Friendly visiting among the poor: a handbook for charity workers, by Mary Ellen Richmond

Diante do avanço de ideias e práticas conservadoras e reacionárias que impactam o cotidiano de assistentes sociais brasileiros hoje, resgatar a história da profissão a partir de uma leitura crítica pode ser um bom exercício para encontrar pistas de forma a entendermos os desafios contemporâneos.

A obra de Mary Ellen Richmond é sem dúvidas uma das que mais influenciaram o Serviço Social no mundo. Produzida a partir dos vetores teóricos e ideológicos que fizeram parte do caldo cultural estadunidense na virada do século XIX para o XX, seus livros Diagnóstico social [Social Diagnosis] e O que é Serviço Social de Caso [What is Social Casework] foram traduzidos para vários idiomas - principalmente o primeiro, no qual a autora faz um esforço de apresentar a sua proposta metodológica para o Serviço Social.

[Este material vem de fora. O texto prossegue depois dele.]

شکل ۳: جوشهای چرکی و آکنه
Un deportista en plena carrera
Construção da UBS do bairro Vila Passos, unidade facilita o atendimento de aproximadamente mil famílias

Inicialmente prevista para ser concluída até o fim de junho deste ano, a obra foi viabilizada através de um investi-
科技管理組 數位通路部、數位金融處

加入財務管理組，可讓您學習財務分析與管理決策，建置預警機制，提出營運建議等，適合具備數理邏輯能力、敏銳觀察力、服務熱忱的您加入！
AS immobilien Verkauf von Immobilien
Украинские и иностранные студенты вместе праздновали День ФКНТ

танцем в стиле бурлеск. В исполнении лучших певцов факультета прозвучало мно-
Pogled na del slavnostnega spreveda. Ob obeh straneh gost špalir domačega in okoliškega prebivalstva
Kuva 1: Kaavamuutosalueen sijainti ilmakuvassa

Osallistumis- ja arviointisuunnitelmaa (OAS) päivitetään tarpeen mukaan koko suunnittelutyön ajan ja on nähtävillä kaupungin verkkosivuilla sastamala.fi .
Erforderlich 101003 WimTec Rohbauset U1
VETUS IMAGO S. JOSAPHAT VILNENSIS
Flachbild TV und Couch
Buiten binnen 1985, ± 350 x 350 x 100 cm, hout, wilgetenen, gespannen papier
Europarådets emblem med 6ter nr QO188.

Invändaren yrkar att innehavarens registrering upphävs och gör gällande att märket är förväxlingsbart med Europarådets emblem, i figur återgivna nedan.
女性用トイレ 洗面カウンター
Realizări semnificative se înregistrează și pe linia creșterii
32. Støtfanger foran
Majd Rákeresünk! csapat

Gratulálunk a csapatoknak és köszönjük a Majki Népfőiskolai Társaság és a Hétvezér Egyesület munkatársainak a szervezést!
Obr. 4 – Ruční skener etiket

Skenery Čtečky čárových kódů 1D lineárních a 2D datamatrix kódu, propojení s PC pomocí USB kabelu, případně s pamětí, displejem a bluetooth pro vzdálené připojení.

Muitas coisas que foram imputadas à autora são méritos dela; outras, nem tanto. O fato é que é impossível falar de Serviço Social no século XX sem falar da perspectiva construída nos EUA, acompanhando o próprio processo de difusão da cultura e dos valores estadunidenses a partir da consolidação daquele país como a principal potência imperialista mundial. E para o Serviço Social as construções de Richmond foram centrais nesse processo.

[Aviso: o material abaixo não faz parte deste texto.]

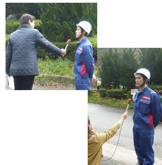
テレビ局(2社)からの取材も受けました！
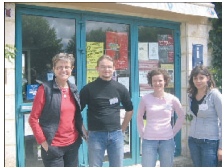
Une équipe très en forme pour un bel été
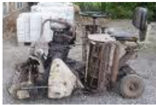
voorbeeld van een "oude" kooimaaiër

Groenvoorziening is een activiteit, die door veel SW bedrijven wordt uitgevoerd voor gemeenten, particulieren en bedrijven. Bij een aantal werkzaamheden in deze sector is er sprake van lawaai en lawaai-overlast, zowel voor machinebedieners, collega's en omstanders. Bij de bestrijding hiervan moet altijd de arbeidshygiënische strategie worden gevolgd (zie hoofdstuk 7 van deze deelcatalogus). Hieronder worden een aantal oplossingen aangegeven om lawaai en overlast door lawaai bij werken in het groen te beperken.
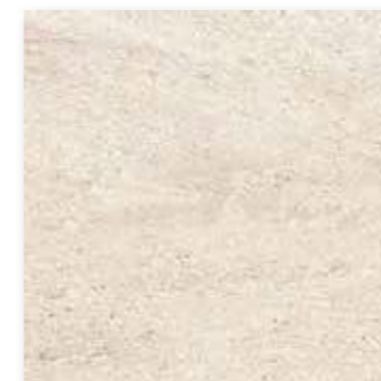
MADAGASCAR BEIGE V5460007 - 100100419 44.3x44.3 cm (x9.4 mm) 17 1/2" x 17 1/2" Gres Porcelánico Porcelain tile V2 G311 Butech: Junta Colorstuk Marfil ✓
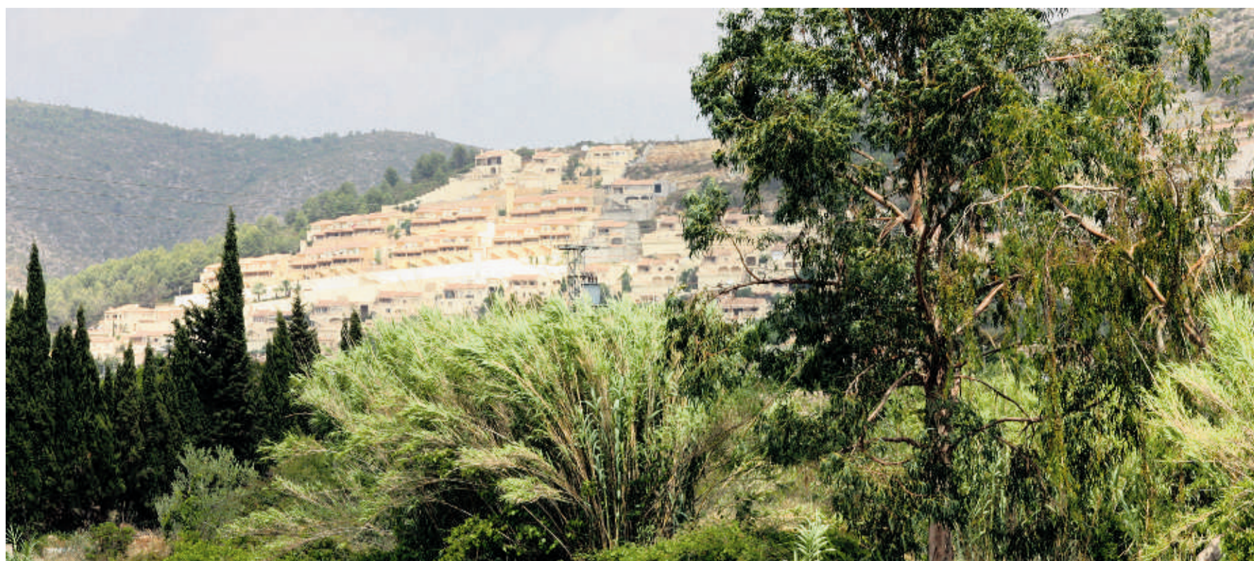
Neben der Berglandschaft lohnt auch ein Ausflug in die Bodega in Jalón.

Tatsächlich vermag man hier Trödel, Nonsense und allerhand Nippes zu erwerben. Vor allem aber durchaus ansehnliche Antikware wie Spiegel, Sessel, Kommoden,
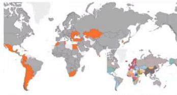
Кластеризація країн світу на даних 1996-2000 рр.
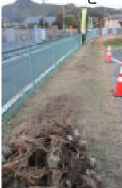
おかげでフェンス沿いでしたが

12月10日(水)と11日(木)の二日、町の作業員さん二名で公民館敷地内に残っている切り株を処分してもらいました。11日午後から雨が降り、切り株すべてを撤去することができませんでした。おかげでフェンス沿いでしたが、八割方取り除くことができました。ありがとうございました。
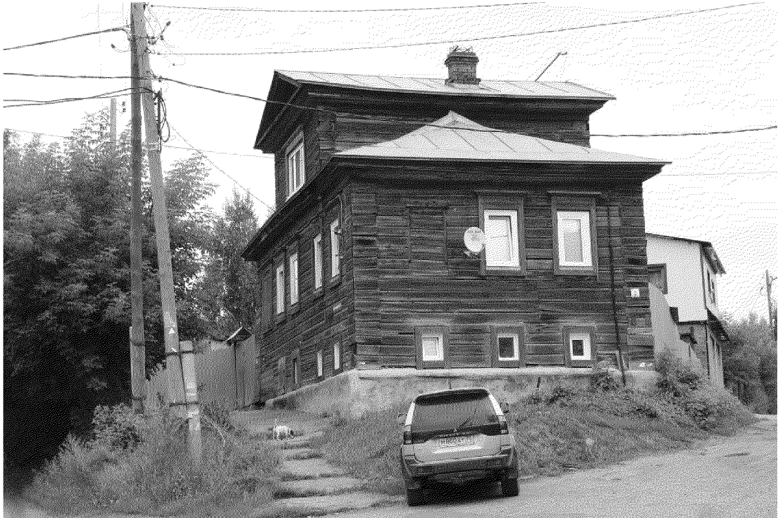
Видовая точка № 2.

Общий вид здания в строчке застройки ул. Октябрьской (Яблонская М.А., 02.08.2024)
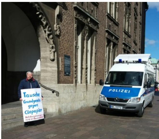
„Tausche Grundgesetz gegen Klopapier“, Bremen

Materialien zur Meinungsäußerung sind genug vorhanden. Ihr könnt sie abholen, per Post bekommen... Meldet euch, damit mehr Stadtteile schöner werden!
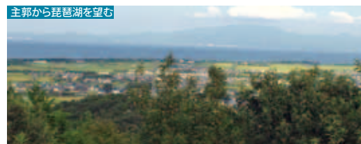
おすすめコース/新旭森林スポーツ公園-西屋敷-主郭-(往復) マップは新旭森林スポーツ公園に設置有り

西佐々木一族惣領家の城郭とされ、県下でも珍しい敵状空堀群や県下最大級の堀切が設けられています。山頂から山腹にかけて、土塁や堀切など山城遺構や、屋敷地跡が残っています。清水山城遺跡、清水山遺跡、本堂谷遺跡の範囲が、清水山城館跡として国史跡に指定されています。
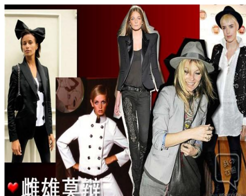
圖 4-4 中性風
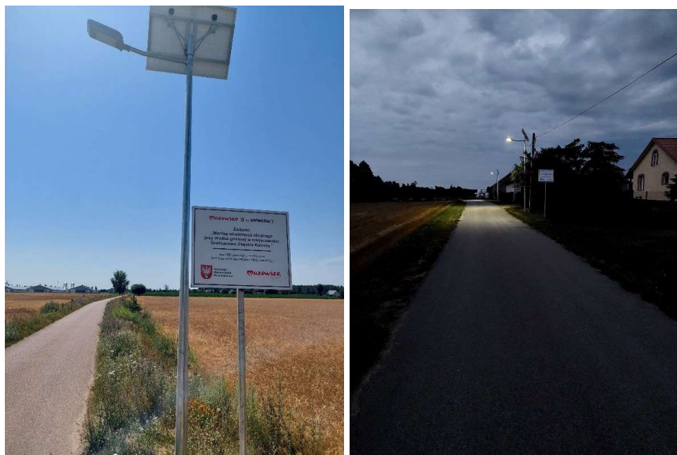
Lampy solarne w Gradzanowie Zbęskim Kolonia i Bieżanach

W ramach dbałości o środowisko zakupiono również kolejne w naszej gminie uliczne lampy solarne. Posadzone zostały w Bieżanach i Gradzanowie Zbęskim-Kolonia.
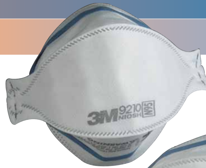
Sin válvula, respirador pieza facial filtrante de tres paneles
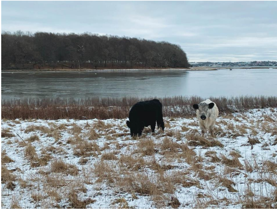
Slika 5. Nacionalni park Skjoldungernes Land
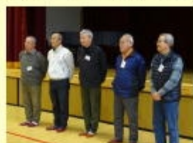
【「スーパー竹とんぼ」さん】

る子が何人もいました。竹とんぼは全員分を「スーパー竹とんぼ」さんが作ってきてくださいました。他の遊びも全員が体験しましたが、夢中になって遊んでいました。「スーパー竹とんぼ」さんどうもありがとうございました。
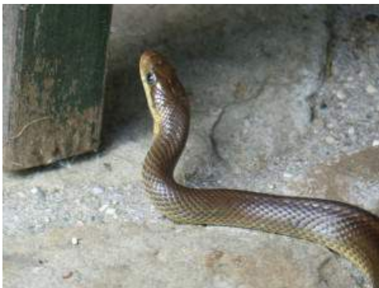
Äskulapnatter – Heilung und Schutz

Der Feiertag vor zwei Tagen hatte bereits eine andere Energie, als bisher. Vorbei ist die Zeit, in der wir Frondienst an einem "Leichnam" leisten (Fronleichnam), nämlich an dem, was tot ist und immer schon tot war. Vorbei ist damit auch die Macht der alten Systeme, die genau das von den Menschen eingefordert haben. Es war ein Tag, an dem sich die Urkraft gezeigt hat, die Schlange – deren Heilung wir damals am Titicaca-See in Gang gesetzt haben.
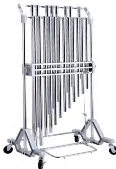
Рис. 1. Современные оркестровые колокола

На рис. 1 приведен пример оркестровых колоколов, которые чаще всего используются в оркестрах.
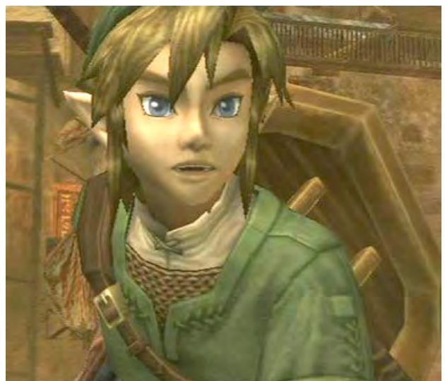
Insektssamlende alv från Legenden om Zelda.

O livro ora apresentado é pouco conhecido no Brasil, e por isso as citações aqui realizadas são de nossa livre tradução. As referências a esse texto já foram feitas por alguns estudiosos que se debruçaram sobre o processo de emergência do Serviço Social nos EUA e que reconhecem nele um momento central da trajetória de Richmond. Mas ele também expressa as disputas que estavam colocadas sobre o papel das ações de assistência e socorro aos pobres no estágio da “questão social” vivenciada naquele país na virada do século XIX para o XX.

Richmond foi assistente de tesouraria e depois eleita secretária-geral da COS (Charity Organization Society) de Baltimore, em 1891. As COS’s, que se espalharam nos EUA, eram instituições de caridade que chegaram àquele país através da experiência inglesa, como um esforço de cooperação entre Estado (especialmente prefeituras) e Igreja (sobretudo protestante) para assistir às necessidades de famílias pobres, a partir de práticas de auxílio material e educação moral com uma abordagem individualizada.

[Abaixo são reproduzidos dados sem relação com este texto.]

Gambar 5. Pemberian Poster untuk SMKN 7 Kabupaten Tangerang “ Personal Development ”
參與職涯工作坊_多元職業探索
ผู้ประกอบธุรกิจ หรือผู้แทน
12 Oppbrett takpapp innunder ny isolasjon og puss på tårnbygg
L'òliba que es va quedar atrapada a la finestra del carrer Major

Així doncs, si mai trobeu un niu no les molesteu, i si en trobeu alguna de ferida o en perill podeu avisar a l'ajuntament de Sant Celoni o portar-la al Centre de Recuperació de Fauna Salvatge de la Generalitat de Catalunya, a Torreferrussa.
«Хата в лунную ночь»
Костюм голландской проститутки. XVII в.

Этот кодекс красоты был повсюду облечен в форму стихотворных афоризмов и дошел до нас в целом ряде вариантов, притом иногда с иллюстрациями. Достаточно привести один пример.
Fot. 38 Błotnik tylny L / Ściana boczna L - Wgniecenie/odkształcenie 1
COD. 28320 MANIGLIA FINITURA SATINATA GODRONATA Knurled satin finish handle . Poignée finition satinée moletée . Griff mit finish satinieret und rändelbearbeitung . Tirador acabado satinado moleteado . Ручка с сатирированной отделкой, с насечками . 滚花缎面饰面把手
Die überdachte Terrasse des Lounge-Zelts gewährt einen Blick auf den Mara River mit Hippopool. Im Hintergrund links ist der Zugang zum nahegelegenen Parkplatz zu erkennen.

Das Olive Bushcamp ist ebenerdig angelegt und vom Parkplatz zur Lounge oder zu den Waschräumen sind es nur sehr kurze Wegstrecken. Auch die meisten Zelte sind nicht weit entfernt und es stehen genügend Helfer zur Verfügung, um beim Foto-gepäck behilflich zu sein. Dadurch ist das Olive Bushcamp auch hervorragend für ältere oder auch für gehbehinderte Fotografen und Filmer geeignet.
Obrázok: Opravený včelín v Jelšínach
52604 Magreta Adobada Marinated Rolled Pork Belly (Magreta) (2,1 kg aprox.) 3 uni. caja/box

Acontece que outras experiências de assistência aos pobres também ganharam notoriedade. Os Settlement Movements, liderados por Jane Addams, inspiraram-se nas experiências do Toynbee Hall da Inglaterra e criaram as Hull Houses. Diferente das COS’s, sua proposta era a de promover um espírito de cooperação e solidariedade em bairros pobres, de modo que seus moradores pudessem, em um processo coletivo e orientado pelas residentes, aprender a importância do espírito de grupo, de forma a superar as próprias dificuldades, e a importância da organização coletiva para reivindicar melhorias em suas condições de vida. Jane Addams se tornou internacionalmente conhecida como uma ferrenha militante da reforma social e crítica de todas as práticas que ela caracterizava como “antidemocráticas”: a de desqualificar o modo de vida dos pobres e tentar impor-lhes um padrão de comportamento dominante.

O palco para esses e outros debates era a Conferência Nacional sobre Caridade e Correção [National Conference of Charity and Correction], que reunia anualmente instituições, filantropos, religiosos, políticos e todos aqueles que viam nas ações de caridade uma importante ferramenta de intervenção sobre a vida dos pobres com vistas à mudança social. Todavia, que tipo de mudança, mudança para quê, como mudar, o que era a “caridade”, e o que precisava ser “corrigido” passavam a fazer parte das polêmicas debatidas nas conferências.

Mesmo que nem as COS’s e nem as Hull Houses tivessem alguma pretensão revolucionária, eram nítidas suas diferenças de concepção, tanto de projeto como de abordagem. Pelo impacto que os Settlement Movements passaram a ter em várias metrópoles nos EUA, Jane Addams foi convidada para apresentar a experiência na reunião da Conferência realizada em 1897. Não por acaso, a publicação de “Friendly visiting among the poors” ocorre dois anos depois; ousamos dizer que o livro é um esforço de Richmond para afirmar o projeto das COS’s.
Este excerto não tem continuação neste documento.